The next morning he resumed the dress of the white man. It was a day spent in the saddle. He rode from store to store, from ranch to ranch and warehouse to warehouse, the length and breadth of the valley, questioning, listening, brisk, businesslike, and polite, in all respects the decorous representative of the white man's bank. Yet, as he stood that evening at the white man's telephone, and recounted to his cashier the facts he had learned, the gleam in his eyes and the pride in his heart were those of the young red warrior who has tracked his foe and makes report to the high chiefs of his tribe. He concluded by asking his cashier to telegraph to St. Louis and the other hop markets and ascertain the probable trend of hops, and telephone him in the morning.
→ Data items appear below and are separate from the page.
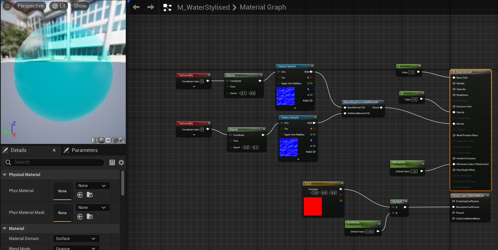 There is a pre-set for creating water as a material in Unreal by setting the main node to surface, opaque and single layer water. it adds a new node that is used to create realistic water.
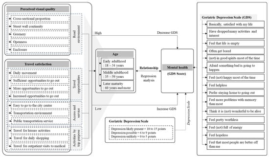 This research categorized participants into three age groups: early adulthood (18–34 years), middle adulthood (35–59 years), and later maturity (60 years and above). Therefore, given the multifaceted nature of the factors comprising travel satisfaction and perception of the streetscape, multiple regression analysis was employed. Statistical analyses were conducted by using SPSS Statistics version 28.0. Multiple regression analysis enables evaluation of the strength of the relationship between an outcome (the dependent variable) and multiple predictor variables. It also allows for assessing the significance of each predictor in the relationship, while controlling for the effects of other predictors. This study designs a framework for analysis comprising four different models which exhibit mental health problems, identified by GDS values meeting the cut-off point of 5. Model 1 represents individuals within the early adulthood age group (18–34 years). Model 2 comprises individuals in the middle adulthood age group (35–59 years). Model 3 consists of individuals in the later maturity age group (60 years and above). Model 4 encompasses individuals across all age groups.
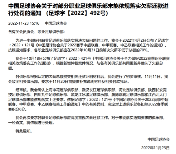 2021年,超过10家以上的中超俱乐部都出现欠薪,中甲中乙球队数量更是难以统计。2022赛季,治理欠薪成为了足球领域的主要工作。由于未能按照进度落实欠薪还款工作,河北俱乐部(2次)、武汉长江(2次)、湖南湘涛、上海申花、陕西长安竞技、四川九牛、黑龙江冰城、淄博蹴鞠和江西北大门等球队先后被中国足协不同程度扣除了联赛积分。
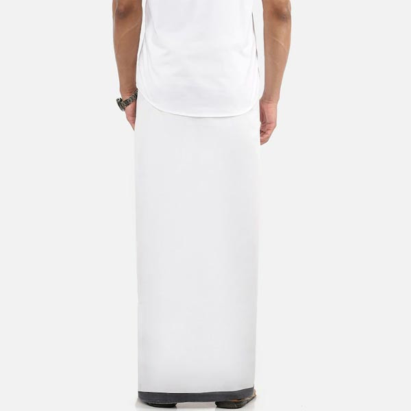 White solid mid-rise dhoti, has black border Size & Fit Dimensions: 3.8 m x 1.25 m(Length x Width) Material & Care 100% Cotton Hand Wash
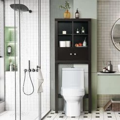 Home Decorators Collection Alster 25 in. W x 65 in. H x 8 in. D Over-the-Toilet Storage in Brown Oak
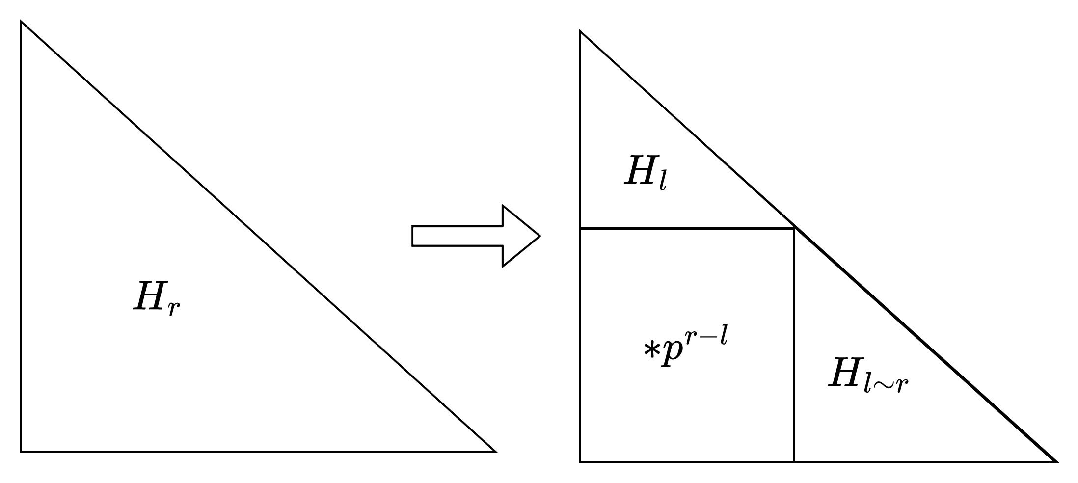 \(H_{l\sim r}=H_r-H_l\cdot p^{r-l}\)
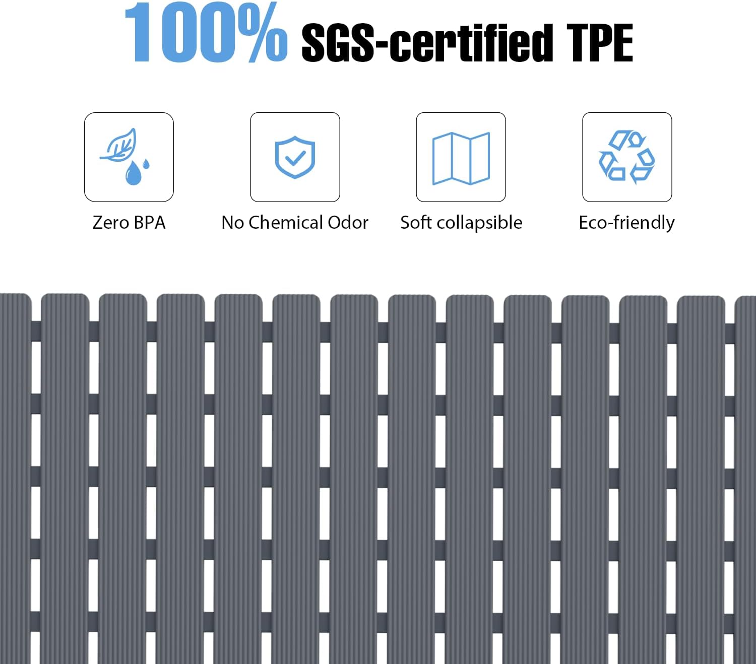 - Eco-Certified Bathtub Mat Material: This non-slip bath mat for shower/tub is crafted with 100% SGS-certified TPE (Test Report NO.CANEC25008026405), featuring Zero BPA & Chemical Odor,trusted by 12,000+ Families for Baby Bath Time Safety.
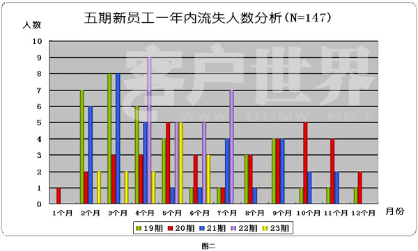 員工流失率控制,在行業(yè)內(nèi)困惑著不少中心領(lǐng)導(dǎo)。業(yè)內(nèi)專家集中精力,采取各種措施,試圖減少流失率對服務(wù)中心成本的影響。為此,本項目組對某客戶服務(wù)中心員工5期新員工進行了17個月的數(shù)據(jù)采集、分析,涉及近200名離職員工的信息分析。從時間變量角度,對新員工內(nèi)心體驗進行闡述,并分析此考察期間,員工負性情緒、工作事件、經(jīng)歷體驗與促使員工離職行為之間的關(guān)系,建立針對問題的性質(zhì),制定干預(yù)策略。本設(shè)想建立在針對員工培訓(xùn)體系進行優(yōu)化,減少已發(fā)現(xiàn)的新員工離職原因?qū)θw員工的影響,從而實際的減少員工流失、工作低績效現(xiàn)象,達到提高組織績效的目的。
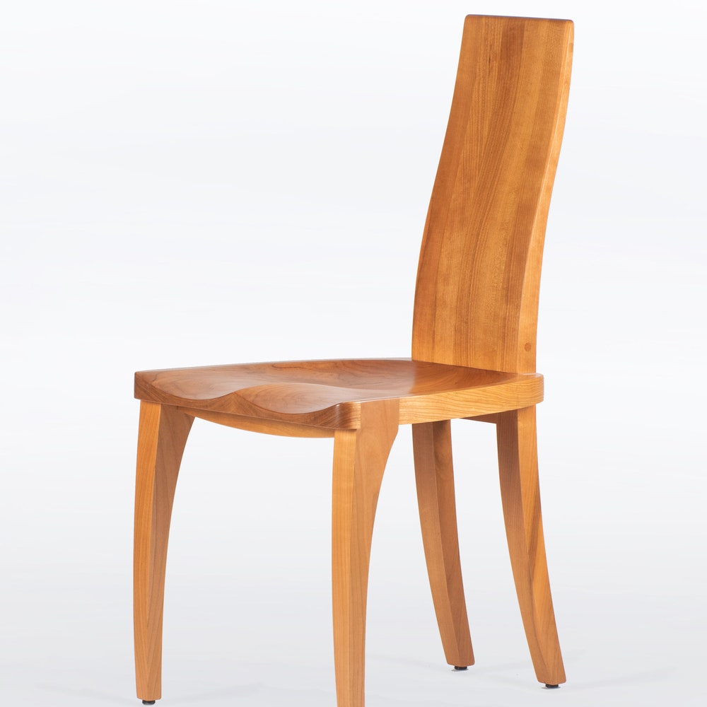 Each chair is meticulously handmade to order, featuring a stylish narrow high back and uniquely curved legs for a streamlined, minimalist and timeless look that will seamlessly work with any decor style.
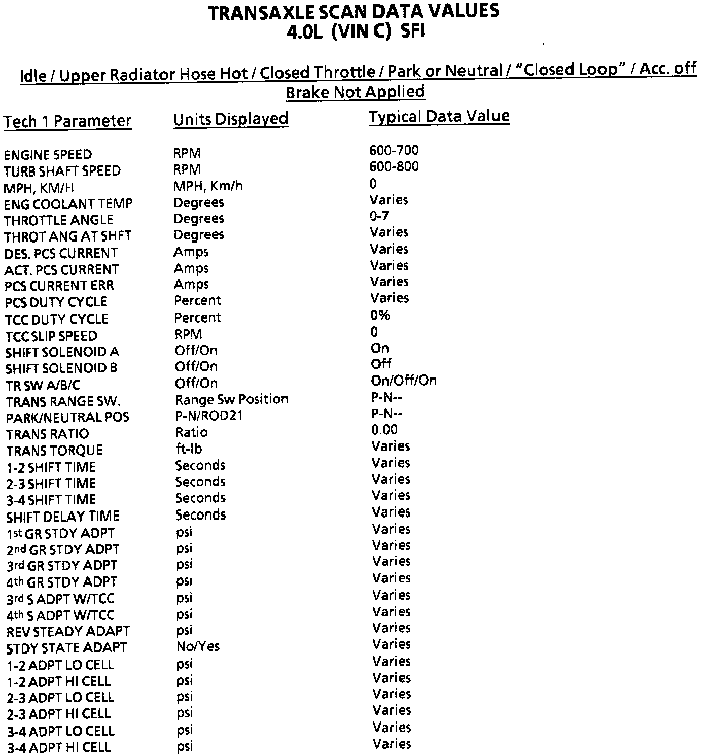 Only the parameters listed below are used in this manual for diagnosis. If a scan tool reads other parameters, the values are not recommended by General Motors for use in diagnosis. If all values are within the range illustrated, refer to Diagnosis by Symptom.

And then Kitsap, the clerk, donned the tribal finery of his ancestors and again The Coyote prowled among the camp-fires. At each he dropped a faggot for thought:
"Lamson, the biggest hop rancher in the valley, is buying hops at fourteen cents and paying his pickers with store orders. That's why he lied about the bank."
The pickers buzzed the news about the fires till the overseers heard it; the overseers bore the tale to the ranchers; the ranchers went to their telephones and set the tale to flashing. In the morning, when the valley rose to resume picking, Lamson's raid was in cold type in the Seattle papers and at eight o'clock Lamson himself read it. Then he realized that the pool had been betrayed, and he went on the war-path to find the mysterious Indian.
Kitsap rose late, and loitered about, gossiping with the idle, till ten o'clock. Then he called up the bank. The cashier had received a wire from the East.
"Hops opened in St. Louis at sixteen cents, Milwaukee sixteen cents, Cincinnati seventeen cents," said the cashier over the telephone. "Crop reports indicate light yield abroad and heavy demand on American hops. Rise in price certain. I have asked a Seattle broker to cable Liverpool. The president says to spread the news and call me again at four o'clock."
Then Kitsap mounted his own spotted cayuse and rode from ranch to ranch till every Indian planter on the reservation had heard his news:
"The biyu tyee of the money house sends greetings. Hops are seventeen cents and going up."
At four o'clock Kitsap was once more at the telephone, and received a message from the cashier which sent his heart pounding in his throat for very enthusiasm.